*Exercise data*:
● ● ● ● ● ● ●
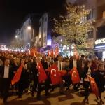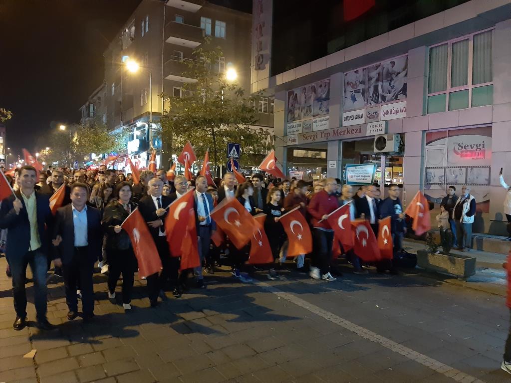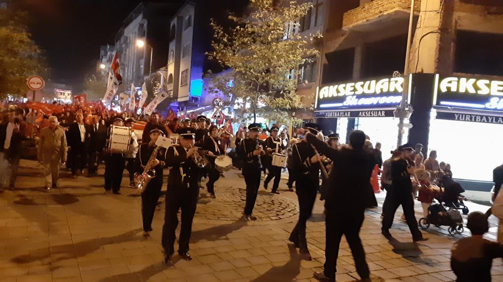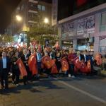 Atatürk Anıtı önünde başlayan yürüyüş korteji Dev Türk bayrağını açarak Nihat Kantarcı caddesi üzerinden Uğur Mumcu caddesine doğru yol boyunca devam etti. Müze evin önünde son bulan fener alayında vatandaşlar büyük Türk Bayrağı ile hatıra fotoğrafı çekilirken bir yandan da havai fişek gösterisin ilgiyle izleyerek bu anı cep telefonu kameralarına kaydetti.
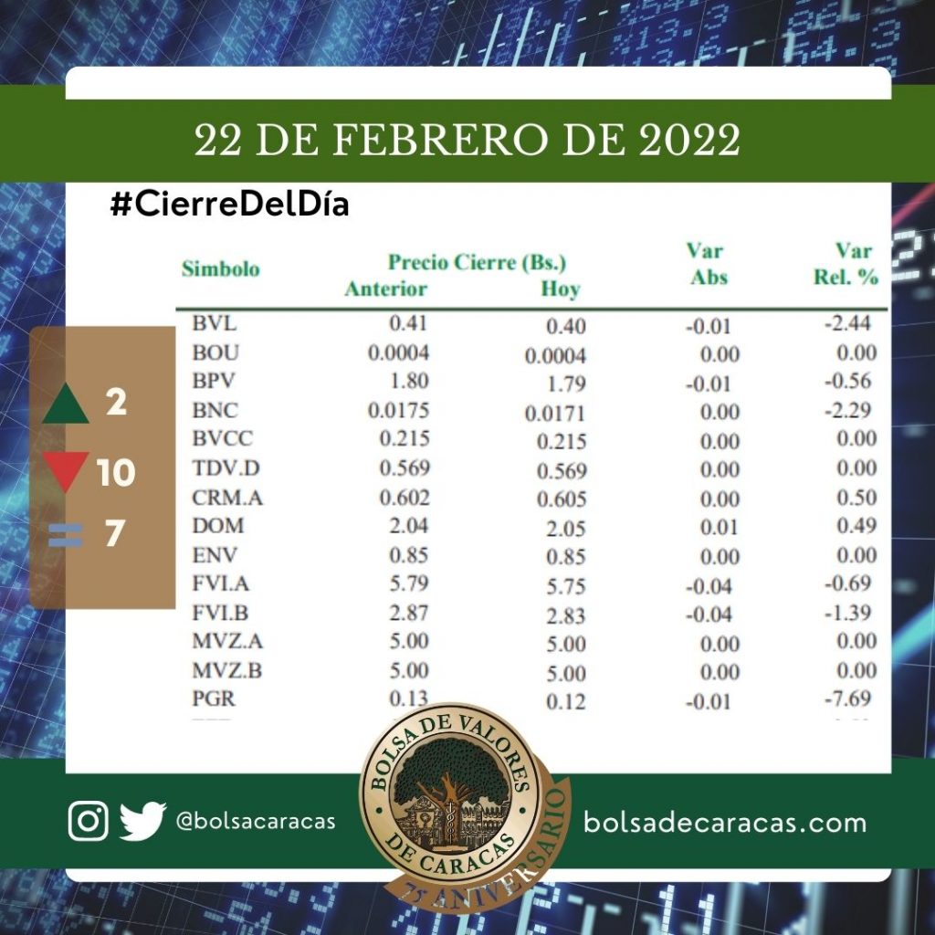 El índice principal de la Bolsa de Valores de Caracas, el IBC, culminó este martes en 5.349,20 puntos con una variación de 45,65 puntos (-0,29%) con respecto a la sesión anterior.
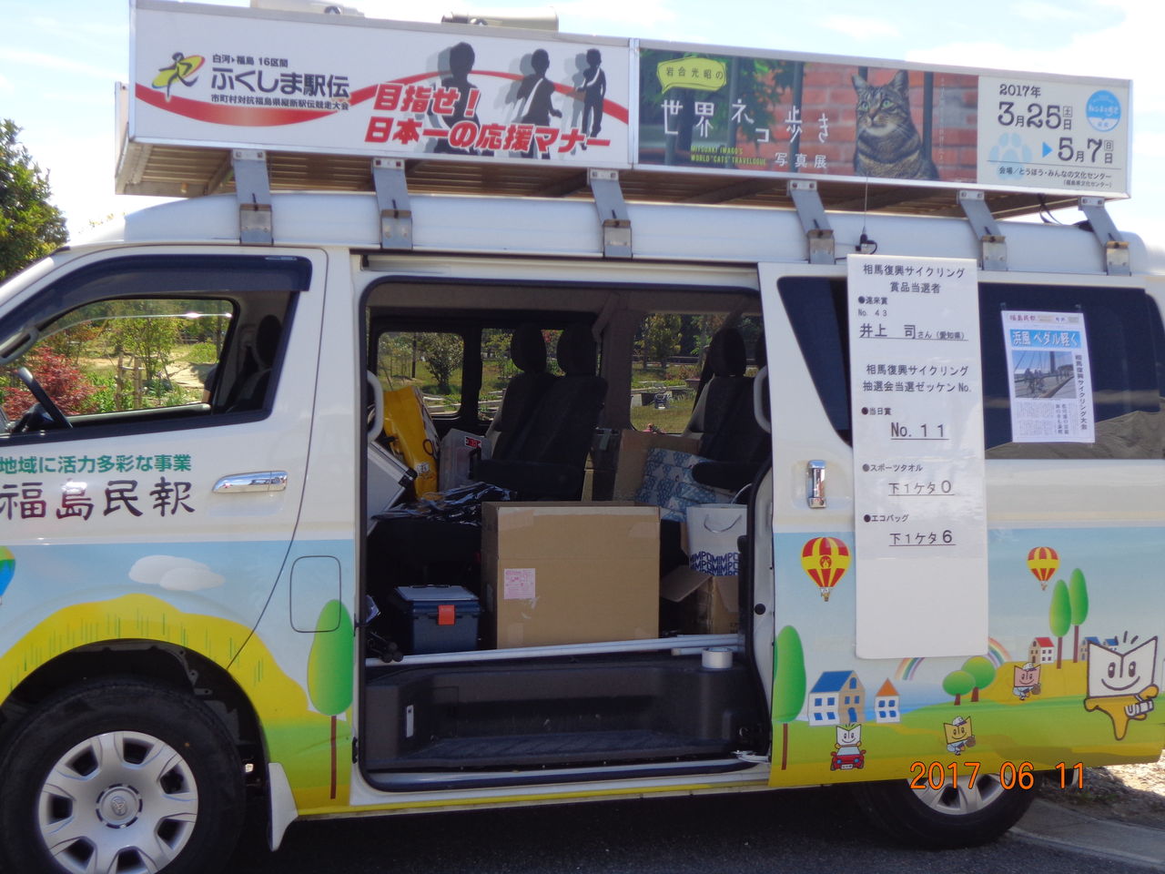 参加者にアンケートを書いてもらい、完走証、相馬市のPR冊子、福島民報様からの御土産などを配り、
● ● ● ● ● ● ●
Pictures stay out; retype only the lines from the line containing "El índice principal" through the end of the listing, inclusive, exactly as they appear.

*Result*:
 El índice principal de la Bolsa de Valores de Caracas, el IBC, culminó este martes en 5.349,20 puntos con una variación de 45,65 puntos (-0,29%) con respecto a la sesión anterior.
 参加者にアンケートを書いてもらい、完走証、相馬市のPR冊子、福島民報様からの御土産などを配り、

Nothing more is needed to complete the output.